■ Task description ■
Exactly as they appear, retype the lines from the one containing "During the day, I" through the final line of the data below. Leave pictures out.
Start of Block
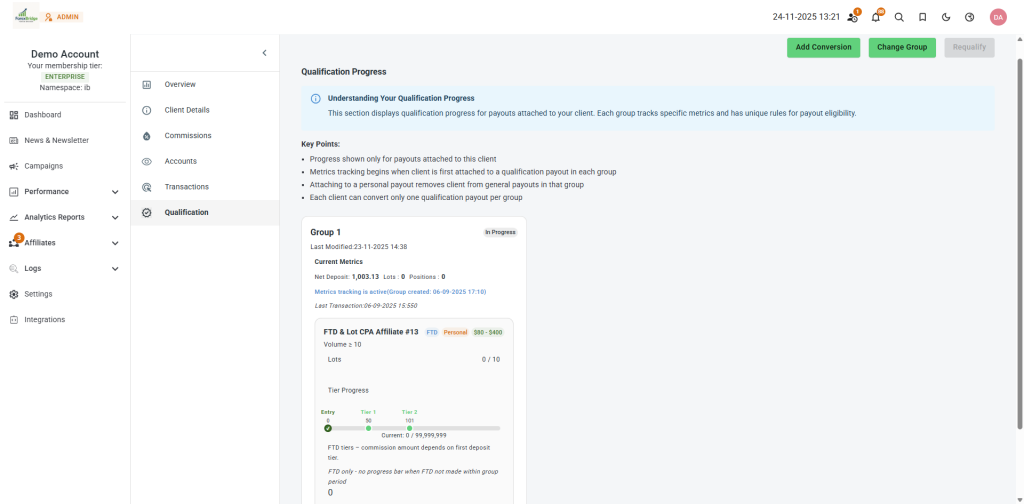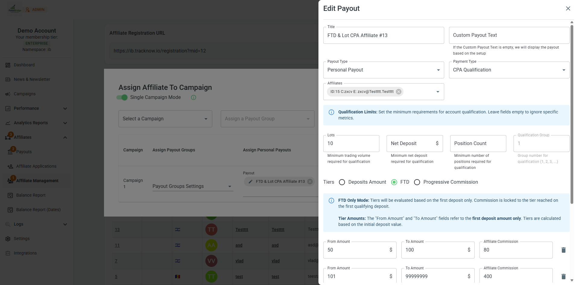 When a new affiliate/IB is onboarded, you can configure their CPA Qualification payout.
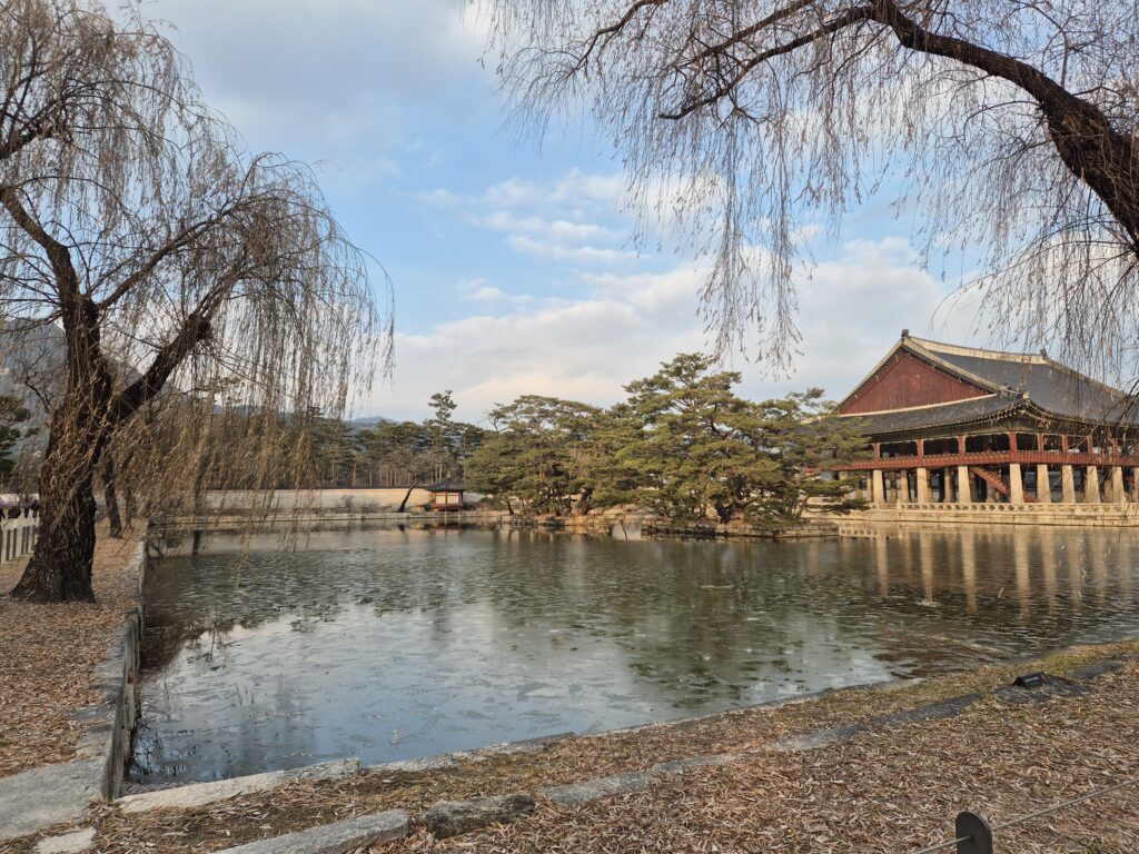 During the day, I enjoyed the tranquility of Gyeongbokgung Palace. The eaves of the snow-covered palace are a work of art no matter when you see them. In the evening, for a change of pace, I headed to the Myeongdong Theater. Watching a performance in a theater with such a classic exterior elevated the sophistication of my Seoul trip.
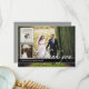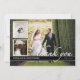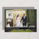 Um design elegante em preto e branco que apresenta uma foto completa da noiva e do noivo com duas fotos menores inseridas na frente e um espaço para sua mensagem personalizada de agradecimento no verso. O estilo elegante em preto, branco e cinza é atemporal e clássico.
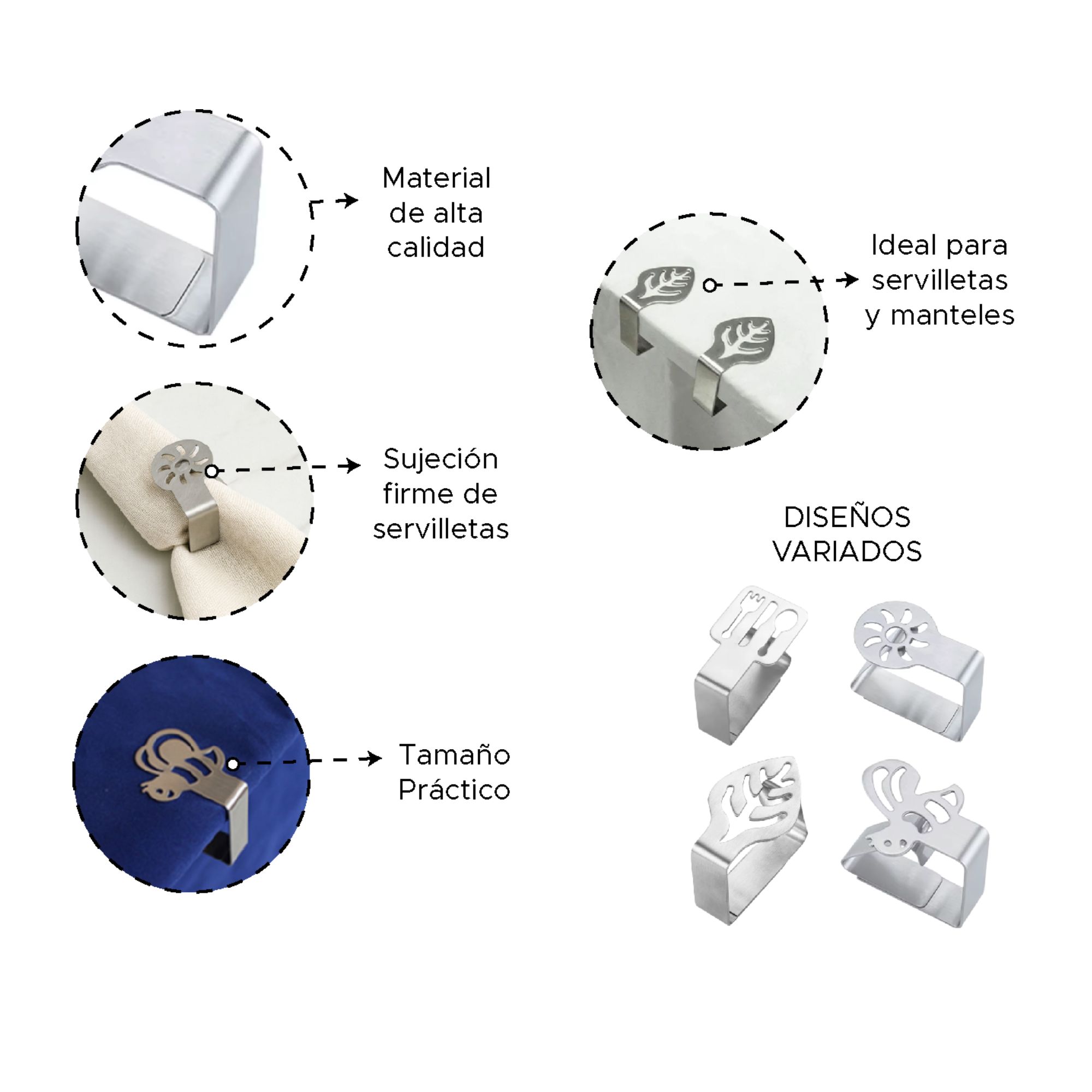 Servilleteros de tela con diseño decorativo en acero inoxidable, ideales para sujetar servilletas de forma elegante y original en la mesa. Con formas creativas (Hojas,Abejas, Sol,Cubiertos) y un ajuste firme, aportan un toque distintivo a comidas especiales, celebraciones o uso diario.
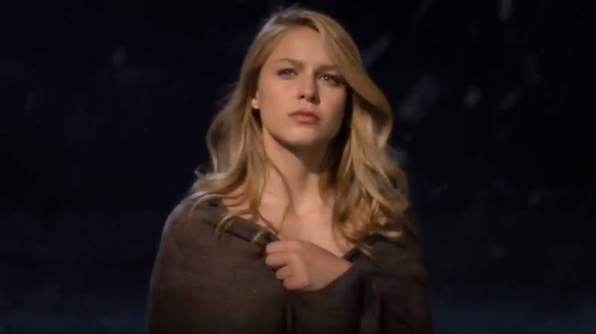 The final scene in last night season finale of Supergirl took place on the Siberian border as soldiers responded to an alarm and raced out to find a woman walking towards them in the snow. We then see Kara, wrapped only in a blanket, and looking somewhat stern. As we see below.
End of Block
■ Task result ■
 During the day, I enjoyed the tranquility of Gyeongbokgung Palace. The eaves of the snow-covered palace are a work of art no matter when you see them. In the evening, for a change of pace, I headed to the Myeongdong Theater. Watching a performance in a theater with such a classic exterior elevated the sophistication of my Seoul trip.
 Um design elegante em preto e branco que apresenta uma foto completa da noiva e do noivo com duas fotos menores inseridas na frente e um espaço para sua mensagem personalizada de agradecimento no verso. O estilo elegante em preto, branco e cinza é atemporal e clássico.
 Servilleteros de tela con diseño decorativo en acero inoxidable, ideales para sujetar servilletas de forma elegante y original en la mesa. Con formas creativas (Hojas,Abejas, Sol,Cubiertos) y un ajuste firme, aportan un toque distintivo a comidas especiales, celebraciones o uso diario.
 The final scene in last night season finale of Supergirl took place on the Siberian border as soldiers responded to an alarm and raced out to find a woman walking towards them in the snow. We then see Kara, wrapped only in a blanket, and looking somewhat stern. As we see below.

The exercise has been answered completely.